By Me. Cláudio Fernandes
With the Portuguese maritime expansion, which began in the 15th century and expanded in the 16th century, and the successive conquests of islands in the Atlantic and strips of land on the African coast, as well as the Discovery of Brazil, the Lusitanian empire soon became one of the most powerful in early modernity. In addition to dominating the aforementioned territories, the Portuguese also established themselves in the Indies and in part of the Chinese territory, leaving there also colonial structures, such as the one in Macao.
The Portuguese monopoly in the Indies (name given to the current country of India), however, cooled down, due to the wide competition offered by other countries, and this loss of commercial monopoly deprived the Portuguese products such as spices (condiments, aromatic plants for the manufacture of perfumes, etc.). Such deprivation spurred the Portuguese to explore regions of Colonial Brazil hitherto untouched in order to seek new spices. These new spices were nicknamed “drogas do Sertão ”.
The areas that came to be exploited by the Portuguese at the end of the 16th century corresponded to strips of land in the current states of Pará and Amazonas, that is, the “drugs of the Sertão” were extracted from the Forest Amazonian. Although the word “sertão”, whose current use in the 16th century indicated “hidden land”, “inland”, “inhospitable” and “without trees”, does not precisely define an equatorial forest such as the Amazon, it was used to name the origin of the so-called “drugs” extracted from there.

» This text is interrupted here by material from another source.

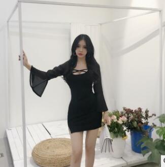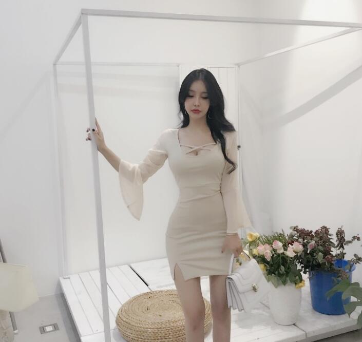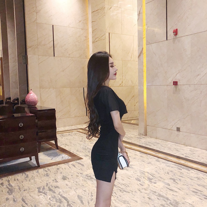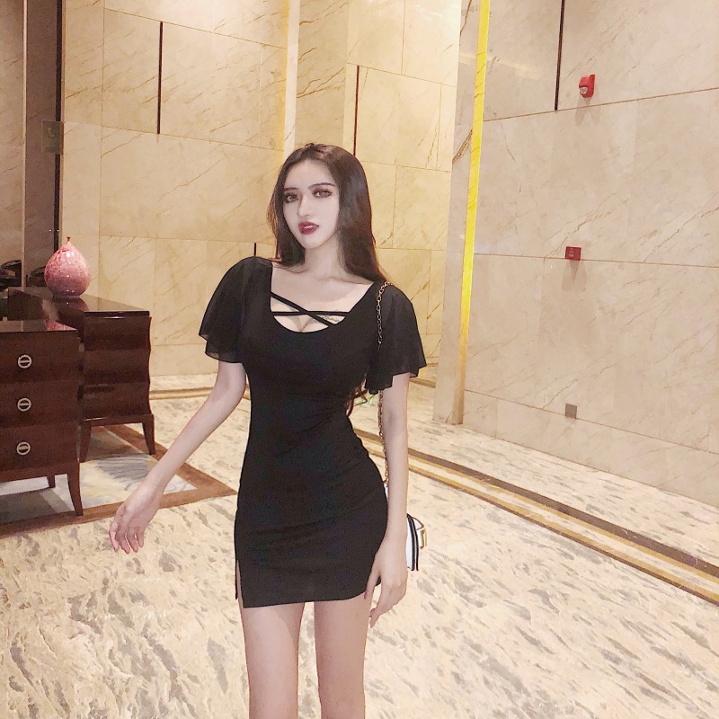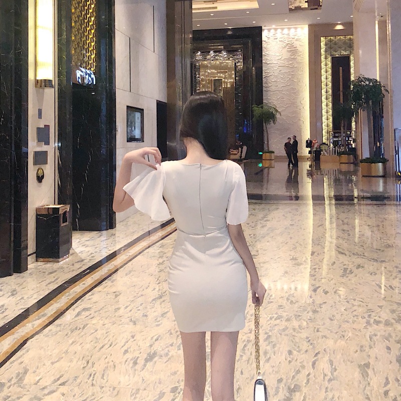 summer dress low-cut U-neck chiffon lotus leaf sleeves hip split night skirt

The term “drugs” also had a different meaning than it does today. It was used, above all, to refer to natural products for culinary, medicinal, artisanal and manufacturing use. Among these drugs were annatto (see image at the top of the text), guarana, the Brazil nut, the cotton, the smoke, the sugar and cassava. Items derived from them were also requested, such as rapadura and the brandy.

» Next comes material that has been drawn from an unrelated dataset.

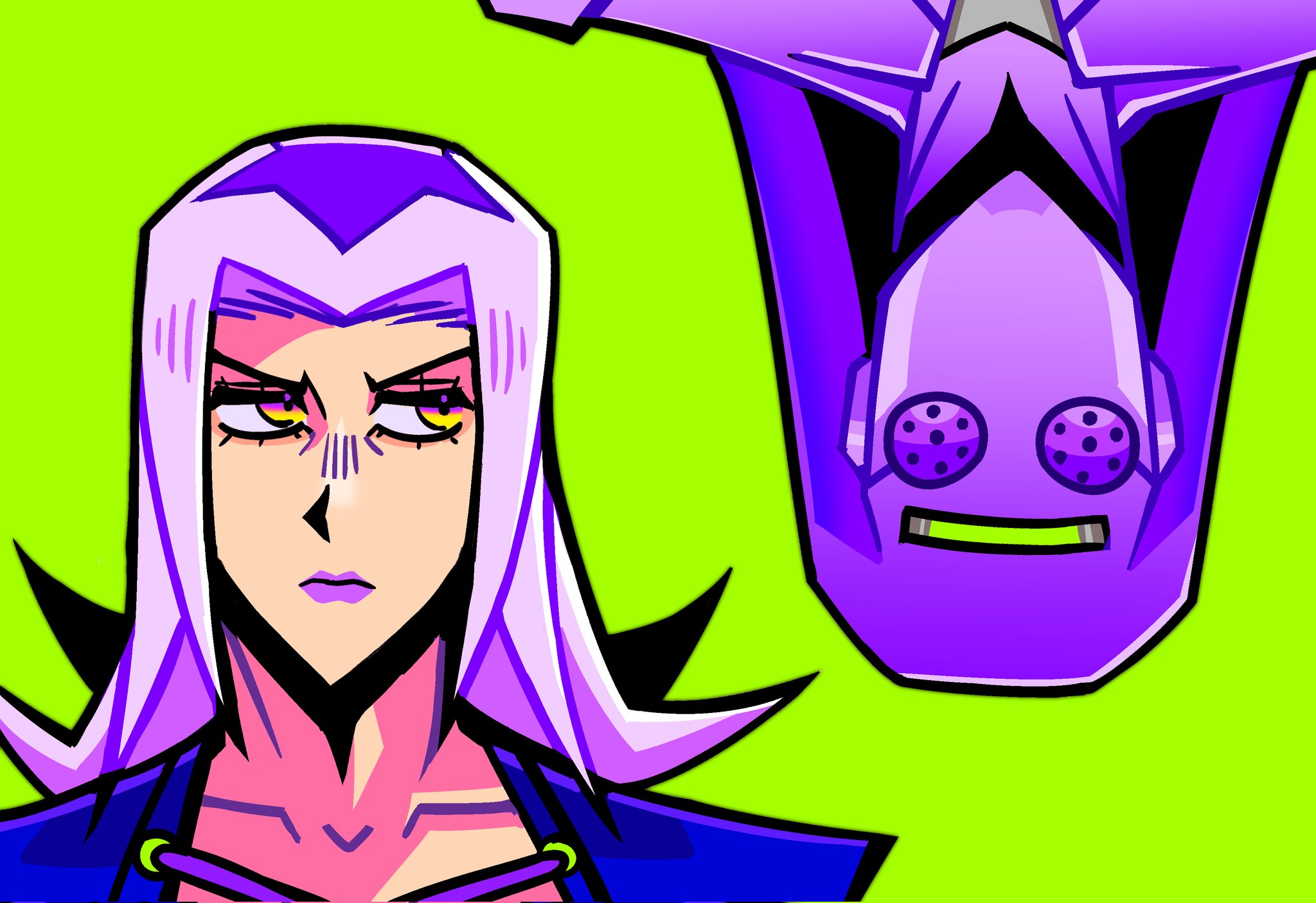 1boy1othercoatcollarbonecolored skingreen backgroundgrey hairlong hairlooking at anothermakeupmale focusmulticolored hairpurple coatpurple hairpurple lipspurple skinspiked hairstand (jojo)two-tone hairupside-downyareyaredajyellow eyes

Access to the interior of the Amazon Rainforest is still complex today; in the sixteenth century, then, it was very difficult. There was, in addition to the danger offered by wild animals, the imminent conflict with indigenous tribes still unknown. In this context, the work of the indigenous themselves was the most appropriate to carry out the extraction.
However, there was an impasse regarding the employment of indigenous labor. On the one hand, the Jesuit priests, who undertook the catechization of the Indians, made use of free indigenous labor. On the other hand, there were the backcountry colonists, also interested in spices and who also made use of indigenous labor, however, enslaving them. This aspect generated a clash between Jesuits and settlers, given that the former were vehemently opposed to the slavery of the natives.